If it’s a business facility with floating assets, expect PPSR registrations following execution. Ask the lender to share the draft registration details so you can confirm the collateral classes and wording match the signed terms.
Common Pitfalls To Avoid
- Assuming you’re “protected” because there’s collateral: with recourse, you can still be liable for a shortfall after the asset is sold.
- Signing broad guarantees without caps or release triggers: these can outlive your involvement in the business if not carefully limited.
- Overlooking enforcement costs: many contracts add legal and recovery costs to the debt, compounding the exposure if default occurs.
- Letting small breaches snowball: minor covenant breaches can become leverage points in enforcement; escalate internally and rectify early.
- Not checking PPSR registrations: an over‑broad registration (or a registration that never expires) can interfere with future financing or sales.
Key Takeaways
- A recourse loan lets the lender pursue you (and any guarantors) for shortfalls if collateral sales don’t clear the debt.

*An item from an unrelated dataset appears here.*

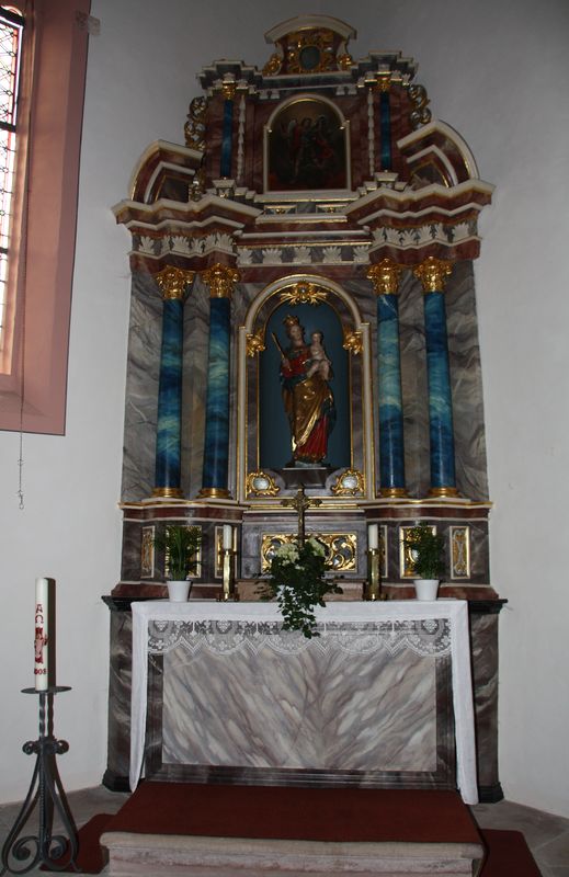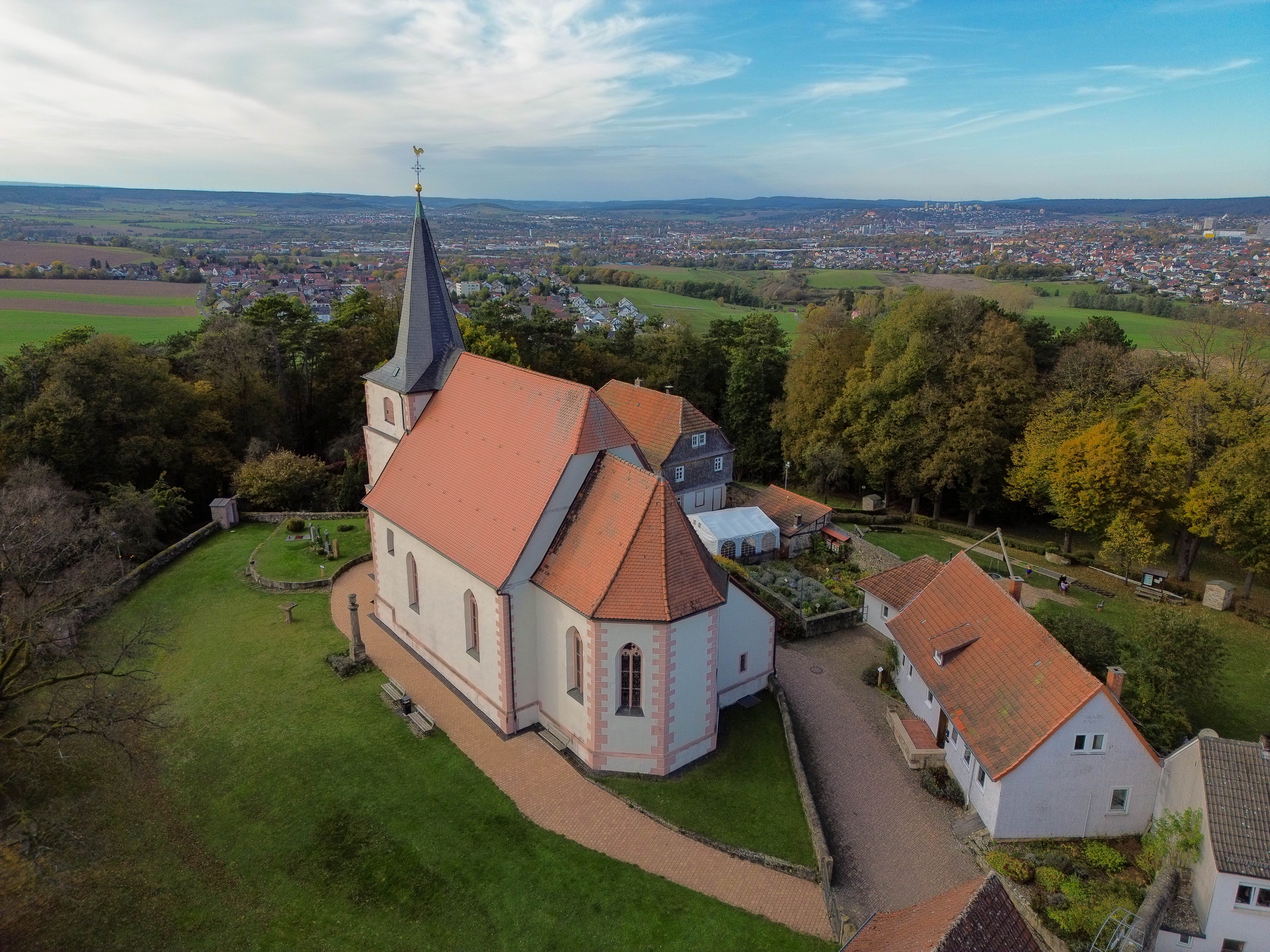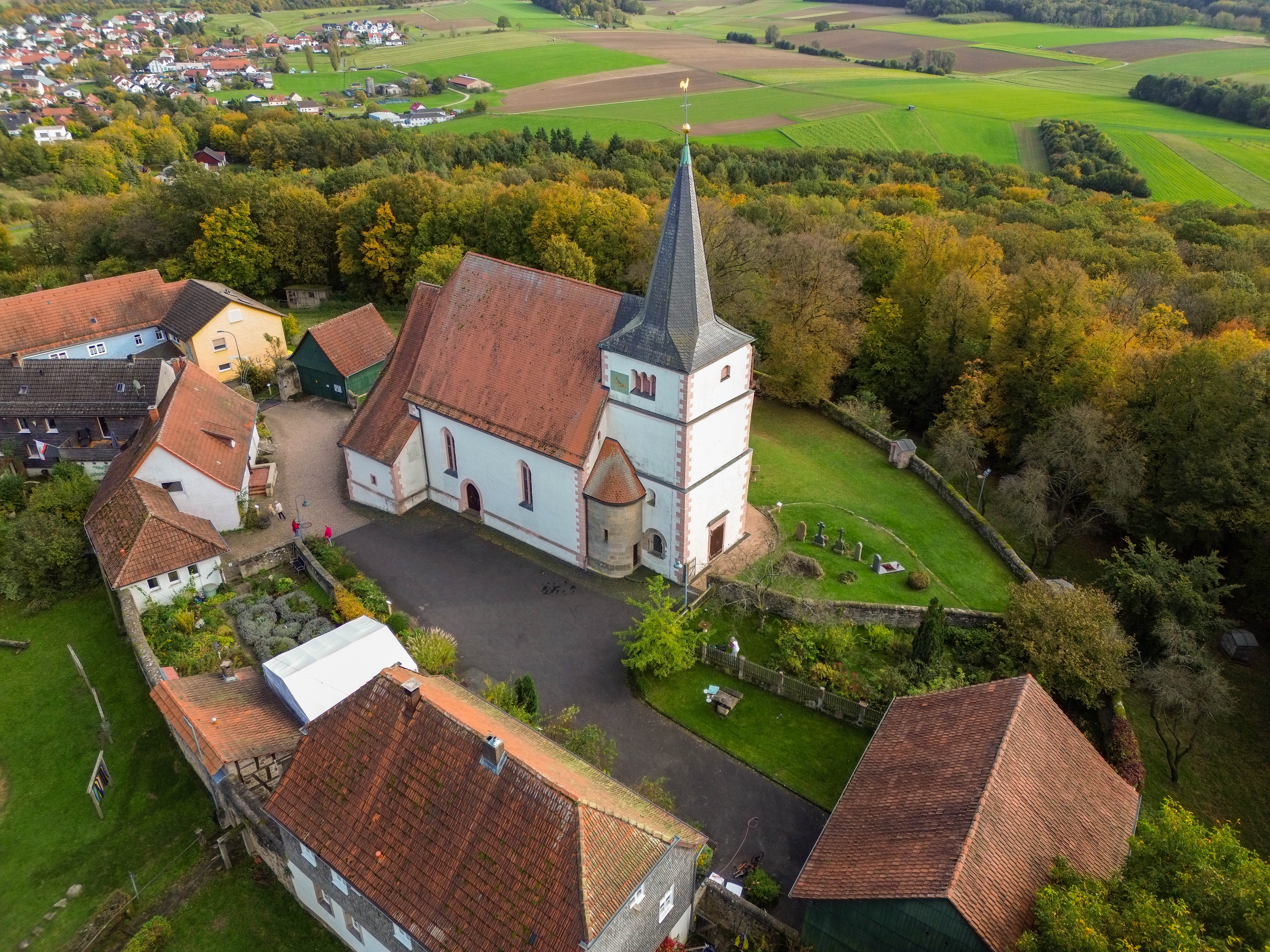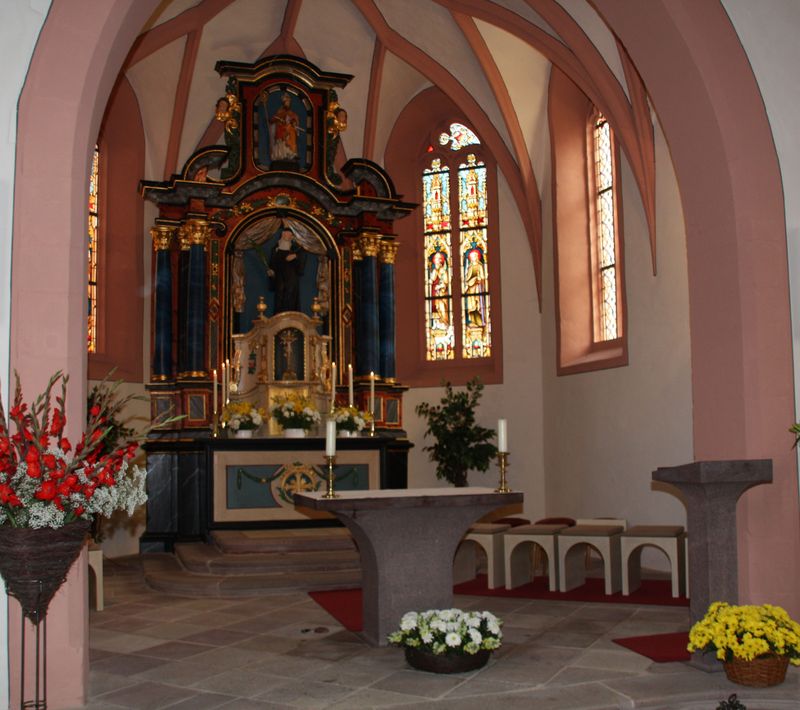 Die erste Kirche auf dem Florenberg wurde … um 900 von dem Fuldaer Abt Huoggi errichtet und der hl. Flora geweiht, die dem Berg den Namen gab. … Von der ersten Kirche ist nichts erhalten geblieben. …Nachdem jedoch die älteste Kirche der hl. Flora allein, die Vorgängerin der 1362 geweihten Kirche (= die 3. Kirche) hingegen auch dem hl. Kilian und dem hl. Bar-tholomäus geweiht war, ergibt sich daraus, dass nach dem Kirchenbau aus der Zeit um 900 und vor dem von 1362 zu unbekannter Zeit ein weiterer(= die 2. Kirche) errichtet wurde. Die Erklärung dafür, dass diese jüngere Kirche bei der Weihe neben der hl. Flora auch den hl. Kilian als Patron erhielt, ist sehr einfach. Bereits im Hochmittelalter suchten die Fuldaer Äbte die geistliche Oberhoheit des Bischofs von Würzburg in der näheren Umgebung ihres Klosters auszuschalten und sich selbst in ihren Besitz zu bringen, was ihnen nach und nach mit der Politik der kleinen Schritte auch gelang. Als nun in diesem Gebiet die Weihe einer neuen Kir-che anstand, bei der der Fürstabt den Bischof von Würzburg als immer noch zuständigen Diö-zesanbischof nicht umgehen konnte, benutzte dieser die Gelegenheit, seine Rechte deutlich zu machen, indem er die Kirche auf dem Florenberg neben der hl. Flora auch dem hl. Kilian, dem Patron des Bistums Würzburg, weihen ließ. ….. Wie bei den baulichen Maßnahmen im 14. Jahrhundert ließ man auch beim völligen Neubau der Kirche zu Beginn des 16. Jahrhunderts (= 4. Kirche) den Turm stehen. Dieser Kirchenbau, der sich im Wesentlichen bis heute erhalten hat, wurde von dem Johannesberger Propst Melchior Küchenmeister durchgeführt, der, …, 1509 die Inkorporation der Pfarrei Florenberg zugunsten seiner Propstei erlangt hatte. Nach einer Inschrift….wurde der Bau 1511 begonnen. 1515 wurde er einem Schlussstein über dem nördlichen Seitenportal und einem weiteren Stein über dem Chorbogen zufolge, die beide das Wappen Küchenmeisters tragen, vollendet. Die Weihe erfolgte … am 3. Mai 1516 durch den Würzburger Weihbischof Johann Pettendorfer. …. Bemerkenswert ist die Tatsache, dass die neue Kirche nun dem hl. Kilian allein geweiht war und die hl. Flora nicht einmal mehr wenigstens Patronin eines Altares war. Den Propst Küchenmeister hinderte das allerdings nicht, der Patronin des Florenberges auch weiterhin Geltung zu verschaffen. … Ihrem „Recht“ trug er auch dadurch Rechnung, dass er sie auf dem für die neue Kirche geschaffenen Sakramentshäuschen neben dem hl. Kilian darstellen ließ. 100 Jahre später, als die geistliche Oberhoheit des Würzburger Bischofs im Fuldaer Hochstift völlig beseitigt war, wurde auch das Kilianspatrozinium der Florenberger Kirche zeitweise ganz verdrängt….Der einzige grö-ßere Einrichtungsgegenstand der spätmittelalterlichen Kirche, der in die neue Kirche über-nommen wurde, scheint der Taufstein gewesen zu sein. Nach dem Wappen, das er trägt, und dem ihn umgebenden Spruchband wurde er 1500 von den Herren von Ebersberg, die inner-halb der Pfarrei Florenberg reich begütert waren, gestiftet. Er ist neben dem erwähnten Sak-ramentshäuschen und der Altarmensa, die auf der Rückseite die Jahreszahl 1516 trägt, das einzige Inventar der Kirche, das sich aus der Zeit ihrer Erbauung erhalten hat.

- Security can include specific asset charges, mortgages, a GSA, personal guarantees and bank instruments - each carries different risks and remedies.
- Check and understand the PPSR registrations against your business so the recorded collateral matches what you agreed.
- Negotiate caps, release milestones and targeted security in the Loan Agreement and guarantee to right‑size your risk.
- If default looms, engage the lender early - variations or a documented solution via a Deed of Settlement can avoid heavy enforcement.
- Independent legal review before you sign can significantly reduce your exposure and prevent costly surprises later.